Whilst not always the sharpest knife in the box, Stu’s libidinous sense of what

was possible confirmed the Countess’s assessment of the situation. The olive grove

was secluded, the grass thick and soft, the trees full and weeping heavily with fruit,

and the air was still and calm. With his hand held firmly in her soft, white and cool

embrace he let himself be lead to the far corner of the olive grove. She sat with her

back against the tree, revealing a shapely if thin alabaster leg, and pulled him towards

her. She met no resistance. Stu knelt before her and brushed her hair away from her

shoulder. He leaned forward and kissed the limpid skin of her neck gently, afraid that

he would break her into a thousand pieces if he exerted any force upon her frail form.

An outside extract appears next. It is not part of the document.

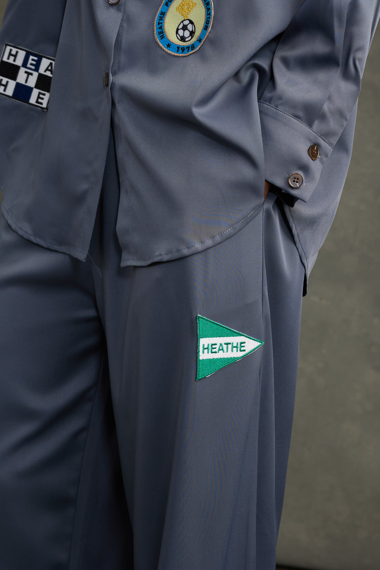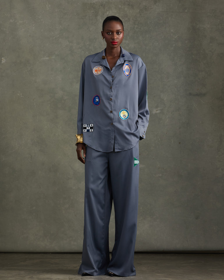 Pyjama set the Heathe way - not just for the house. Elevate your everyday with an iconic look. A loose-fit shirt embellished with vintage badges that take you down memory lane, back to simpler times - paired with matching loose-fit trousers.

He need not have worried. There followed a storm of soundless lovemaking

during which she engulfed him, forcing his penetration ever deeper until they

ultimately found their symphonic tempo, and always, even in climax, their eyes

remained locked together. Now satiated, dripping sweat and smeared with Cretan soil,

they lay side by side staring at the rising field of stars that glistened above the olive

trees. Her snow white body lay naked and revealed to the world of men for the first

and only time, and she found, for a moment or two, that the urgency of her other

bottomless hunger abated. She wanted to talk, to hear his voice one last time so that

she would be able to tell her new born of a father.

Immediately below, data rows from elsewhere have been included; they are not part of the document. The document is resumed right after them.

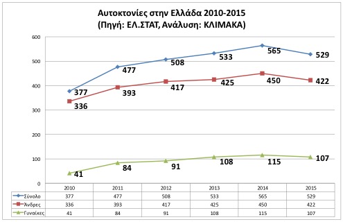 Συγκεκριμένα, οι θάνατοι από αυτοκτονία για το 2015 ανήλθαν σε 529 έναντι του 2014 που είχαν καταγραφεί 565.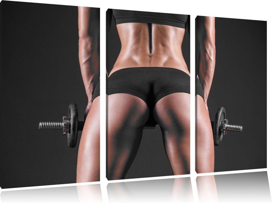 Pixxprint Sexy Frau mit Hanteln B&W Detail als Leinwandbild/Grösse: 3 Teilig (120x80 cm) cm/Wandbild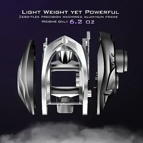 The KastKing MegaJaws Elite Baitcasting reel is a high-performance product with superior features designed to take your fishing experience to the next level. Thanks to its patented AMB (Auto-Adjustment Magnetic Braking) system, it minimizes backlash, offering a reel that anglers of all levels, from beginners to professionals, can use with confidence. This system automatically adjusts to the spool speed, allowing you to make longer and more controlled casts. With its lightweight and durable construction, the MegaJaws Elite, weighing only 6.4oz, is resistant to harsh conditions thanks to its CNC machined aluminum frame and carbon fiber side covers. Its ergonomic 41mm design offers comfortable use even during long fishing sessions. The product features a flipping switch specifically designed for flipping and pitching techniques. This feature allows you to release the line by pressing it with your thumb and stop it when you release it. It is also perfect for various applications such as bottom fishing for saltwater fishing or bait dragging for freshwater fishing. The KastKing LFTV (Low Friction Tapered Vortex) line guide increases casting distance and minimizes backlash by reducing line friction with its unique funnel-shaped ceramic design. This allows you to make more efficient and controlled casts. MegaJaws Elite is a marvel of precision engineering with DigiCut 7075 aluminum main gears and manganese brass pinion gears. 7.2 and 9.1 gear ratios achieve faster spool speeds thanks to the short main shaft and spool bearings. The 17.6 lb triple carbon disc drag system delivers powerful and reliable braking performance. Thanks to superior protection plans, your product is guaranteed against drops, exposure to liquids, and screen cracks from the date of purchase. Additionally, failures that occur after the manufacturer's warranty expires are also covered. You can easily create a request online or by phone, and most requests are approved within minutes. You can take advantage of repair, replacement, or refund options up to the purchase price of the product. In short, the KastKing MegaJaws Elite is a baitcasting reel that combines performance, durability and ease of use, and that every angler will want to own.

She rolled onto her side and propped her head up on her hand, her black hair

falling dishevelled across shoulders and curving round her breasts. “Tell me about

your family” she said softly. “Tell me about your brothers and sisters and your father.

A memory of a good father is always something that I missed growing up.”

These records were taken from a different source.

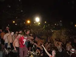 It was a tradition for students to jump into the lake at night in the week leading up to the annual football game between the Ohio State Buckeyes and the Michigan Wolverines. Although students have jumped into Mirror Lake since 1969, the modern tradition started in 1990 when “Marmaduke” and members of AEPi led the marching band and some students on a traditional march around campus. At the end of the parade — at Mirror Lake — students made the celebratory jump.[6] Approximately 12,000 people either jumped or were near the lake for the 2009 jump.[7] Jumps have occurred several times outside of Michigan Week, including on the night of May 1, 2011 when students jumped into the lake after the death of Osama bin Laden.[8] The Mirror Lake Jump events were not university sponsored, and people were encouraged by university officials to not participate in the events.[9] The tradition ended in 2015 after a student died, and the university began enforcing policies to prevent jumps.[10] Jumping into Mirror Lake is a fourth-degree misdemeanor, however police acknowledged that they ignored this during jump events in order to focus on the safety of those present.[11]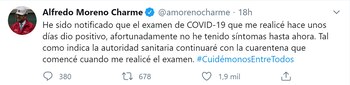 “He sido notificado que el examen de COVID-19 que me realicé hace unos días dio positivo, afortunadamente no he tenido síntomas hasta ahora”, anunció Moreno, el primero de los ministros en comunicar el contagio, en su cuenta de Twitter.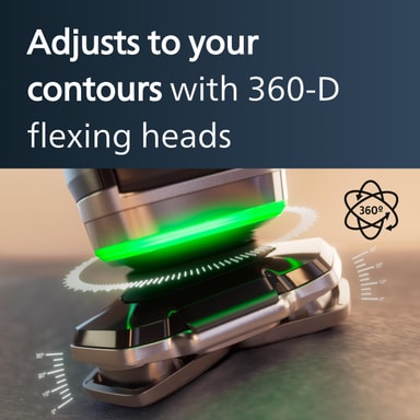 Klipp håret nær huden din med presisjon og komfort med barbermaskinens 360° bøyende hoder og Dual SteelPrecision-blader.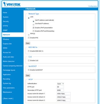 В сетевых настройках имеется возможность изменить параметры присвоения IP-адреса, задать уникальное имя и включить-отключить Multicast для каждого из трех видеопотоков, определить порты для некоторых типов соединений.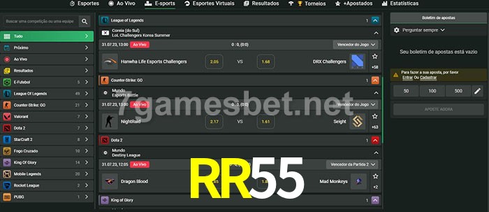 O RR55 oferece uma grande seleção de opções de apostas em e-sports com probabilidades competitivas

“Not much to tell, really.” Stu paused. Maybe if they talked for a while, maybe

if they got their breath back they could try it all again, he thought. There couldn’t be

any harm in a little potted history.

“One brother, a twin. Funny thing that. My Dad was a twin and so was

Grandpa. In the genes, I suppose, but Mum always said it was one hell of a job

looking after us as babies. I thought it missed out generations but apparently not. Dad

was an archi…”

She stayed his lips with a slender white finger. “Rest now”, she said. “Close

your eyes and rest.”

Stu looked up into her eyes and there he saw reflected twin boys, curled up,

arm in arm, growing by the moment into fine young men, dark and pale like their

mother but blessed with a good, manly physique. He smiled. She smiled too, for in

that moment she knew that she would change the world. There would be two little

ones to bring up, and although it might take centuries, two would become four, then

four become eight, until the line of her great ancestor filled the world in numbers

sufficient to make extinction an impossibility.

At that moment she made the one truly human choice in her life. She placed

her hands on Stu’s eyelids and gently closed them while whispering sweet

incantations. He would sleep and wake refreshed with the rising sun of a new day. It

was a small gift from a grateful mother to this fine father of the race of Nosferatu. She

would drink elsewhere of Crete tonight.